= Norzagaray (surname) =

Norzagaray is a Basque surname. The etymology is problematic. It originates in a neighbourhood (barrio) of that name in the municipality of Aiara, province of Álava, in Spain's Basque Country. Historical variants, no longer extant in Spain, include Norsagaray and Narzagaray.

According to one calculation, in the early 2020s, fifteen people in Spain had it as their first (traditionally paternal) surname, with another eight reporting it as the second (traditionally maternal) surname.

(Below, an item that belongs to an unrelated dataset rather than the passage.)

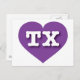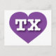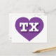 This postcard features a vibrant purple heart containing the bold, white, upper case letters TX, the official abbreviation for Texas, the Lone Star state. The reverse side of the postcard is blank, awaiting your personalised text or handwritten sentiments.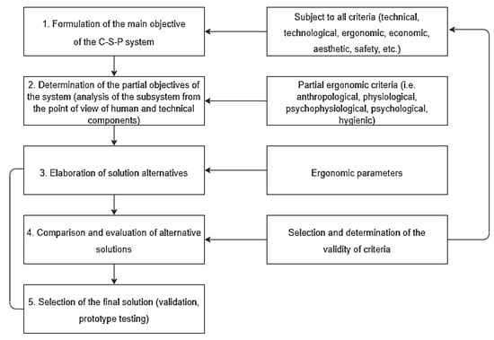The methodological procedure of the designer’s activity and the relation to ergonomic criteria and parameters are shown in the diagram in Figure 4.

==People with the surname==
- Ángel Norzagaray Norzagaray (1961–2021), a Mexican playwright, cultural promoter and academic.
- Antonio Norzagaray Ángulo (1888–1918), a Mexican army officer and politician.
- Bernardo Norzagaray Ángulo (1910–1991), a Mexican agricultural engineer and politician.
- Fernando Norzagaray y Escudero (1808–1860), a Spanish colonial official who served as governor of Puerto Rico and governor of the Philippines.
- Norzagaray, a municipality in the province of Bulacan, Philippines, named for him.
- The General Norzagaray Bridge, a barrel vault bridge built in 1855 in San Juan, Puerto Rico, also named for him.
- A street in Puerto Rico's San Juan National Historic Site also bears his name.